:: GIVEN INFORMATION ::

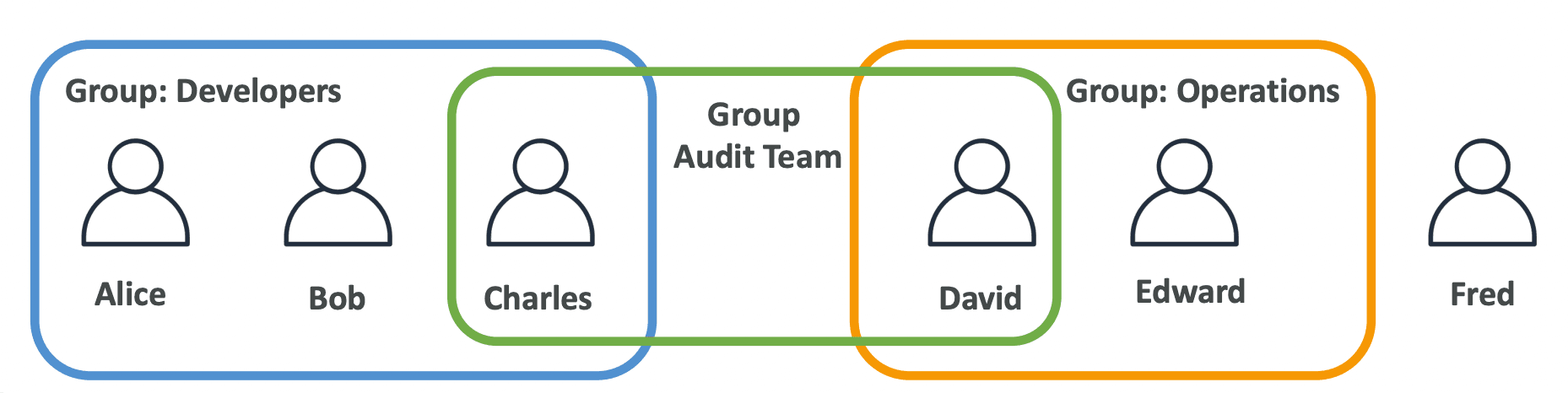 - Users don’t have to belong to a group, and user can belong to multiple groups
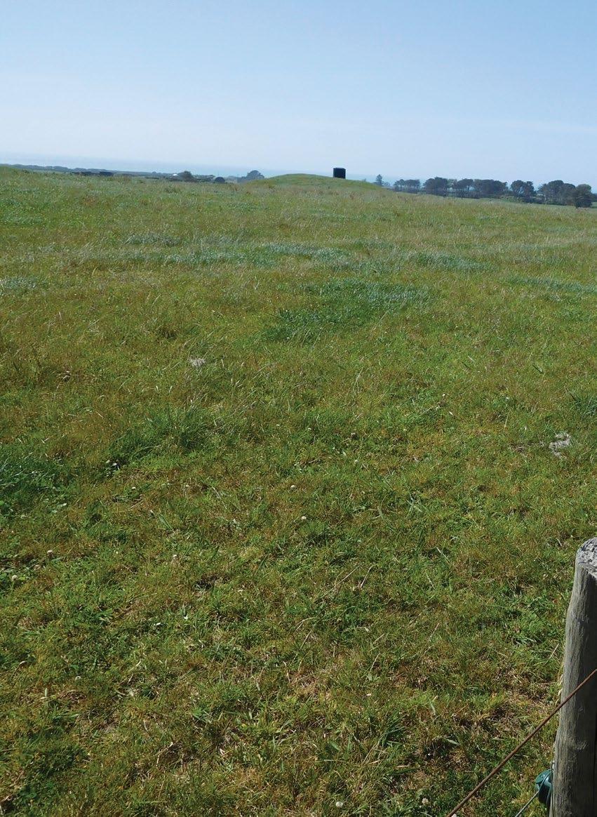 Like many smaller pa of the survey area, Koru occupies a site low on a spur, without any command of the surrounding countryside. Use has been made of a steep sided knoll at the end of a spur which rises to higher ground to the south, ultimately to the Kaitake Ranges. Natural defence consists of steep scarps to the river on both sides of the pa with a steep but greatly modified scarp to a small river flat on the south-east side. The north end of the peninsula falls to the river level and has required some assistance from artificial defences. The Oakura River itself, with its rough bed of large rounded boulders completely commanded from within the pa, adds considerably to the natural defence.
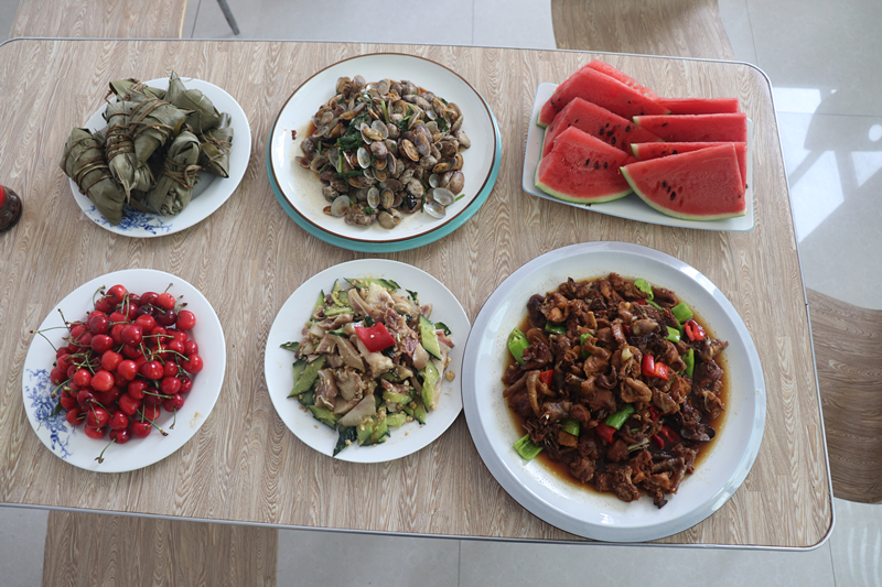 中午11時30分,忙碌了一上午的職工陸續(xù)從工地趕回項目部,辦公室食堂為職工準備了豐富的飯菜,端午節(jié)改善伙食:辣炒花蛤、辣炒雞、豬頭肉拌黃瓜,端午節(jié)少不了的粽子,以及飯后的水果——櫻桃與西瓜。就餐時,同事們歡聲笑語,你一言我一語,品嘗著美食,拉著家常,暫時忘卻了工作的勞累、假期堅守工地不能與家人團聚的思念之情。
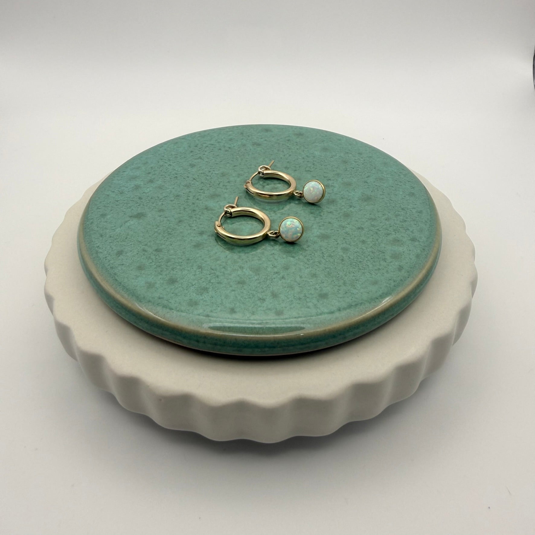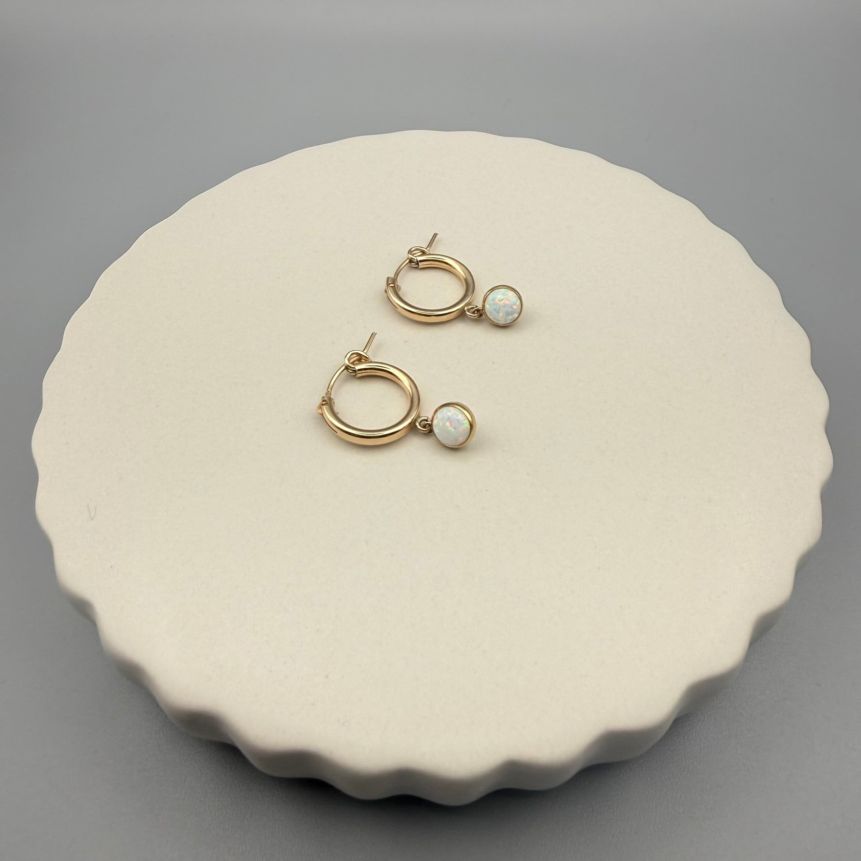 Beautiful, golden huggie hoops with a secure lever-back fastening featuring a white Bello Opal drop. We LOVE these sparkly earrings, perfect for a party!
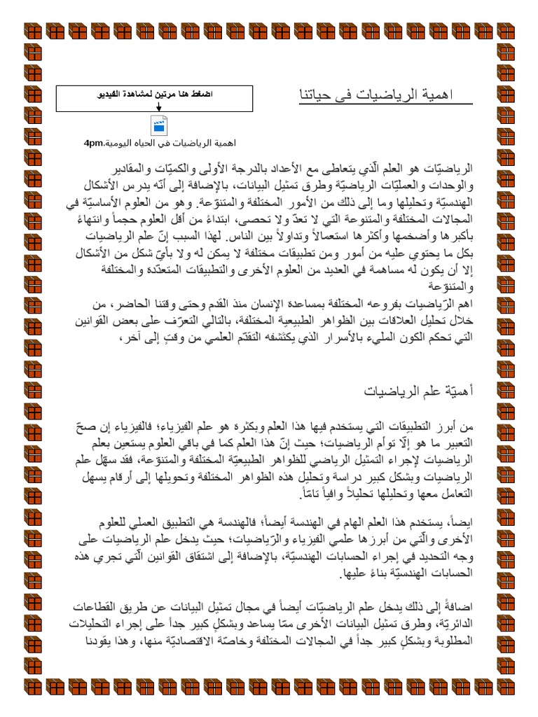 بحث عن الرياضيات في حياتنا اليوميه ملزمتي
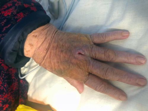 第二天,老人手背上的伤口出现红肿和渗出,涂了红霉素软膏后,为防止伤口被污染,还用纱布将伤口包扎起来。随后几天,老人伤口红肿的情况有所好转,却在事发10天后出现张口困难的情况,“嘴巴只能张开不到一指宽,吃不了东西,还出气不赢”。家人几经辗转,将老人送往捷克论坛 岳麓山院区急诊三科。
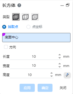 - 类型:选择长方体定位点,支持底面中心、底面顶点、中心三种类型的选择。
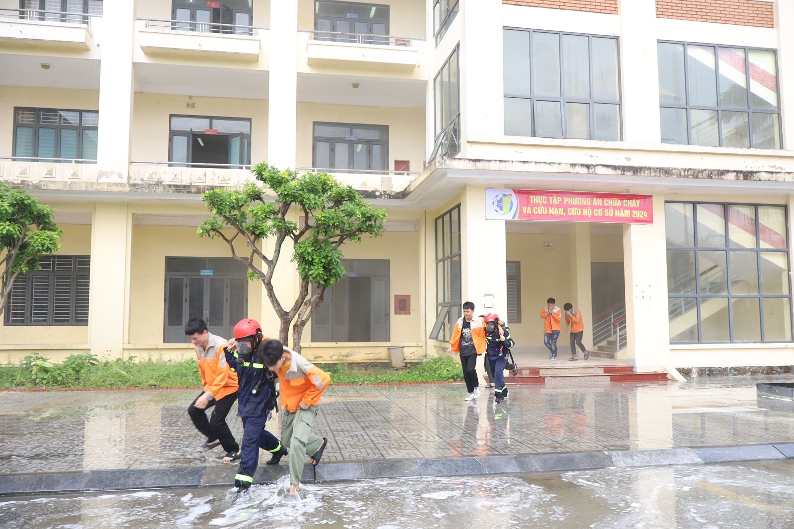 Thực tập phương án chữa cháy và cứu nạn cứu hộ tại Nhà trường. Ảnh: Trịnh Hường

:::

▸ **EXERCISE DIRECTIONS**
Reproduce the whole listing above word for word, but not its pictures.

▸ **ANSWER SPACE**
 - Users don’t have to belong to a group, and user can belong to multiple groups
 Like many smaller pa of the survey area, Koru occupies a site low on a spur, without any command of the surrounding countryside. Use has been made of a steep sided knoll at the end of a spur which rises to higher ground to the south, ultimately to the Kaitake Ranges. Natural defence consists of steep scarps to the river on both sides of the pa with a steep but greatly modified scarp to a small river flat on the south-east side. The north end of the peninsula falls to the river level and has required some assistance from artificial defences. The Oakura River itself, with its rough bed of large rounded boulders completely commanded from within the pa, adds considerably to the natural defence.
 中午11時30分,忙碌了一上午的職工陸續(xù)從工地趕回項目部,辦公室食堂為職工準備了豐富的飯菜,端午節(jié)改善伙食:辣炒花蛤、辣炒雞、豬頭肉拌黃瓜,端午節(jié)少不了的粽子,以及飯后的水果——櫻桃與西瓜。就餐時,同事們歡聲笑語,你一言我一語,品嘗著美食,拉著家常,暫時忘卻了工作的勞累、假期堅守工地不能與家人團聚的思念之情。
 Beautiful, golden huggie hoops with a secure lever-back fastening featuring a white Bello Opal drop. We LOVE these sparkly earrings, perfect for a party!
 بحث عن الرياضيات في حياتنا اليوميه ملزمتي
 第二天,老人手背上的伤口出现红肿和渗出,涂了红霉素软膏后,为防止伤口被污染,还用纱布将伤口包扎起来。随后几天,老人伤口红肿的情况有所好转,却在事发10天后出现张口困难的情况,“嘴巴只能张开不到一指宽,吃不了东西,还出气不赢”。家人几经辗转,将老人送往捷克论坛 岳麓山院区急诊三科。
 - 类型:选择长方体定位点,支持底面中心、底面顶点、中心三种类型的选择。
 Thực tập phương án chữa cháy và cứu nạn cứu hộ tại Nhà trường. Ảnh: Trịnh Hường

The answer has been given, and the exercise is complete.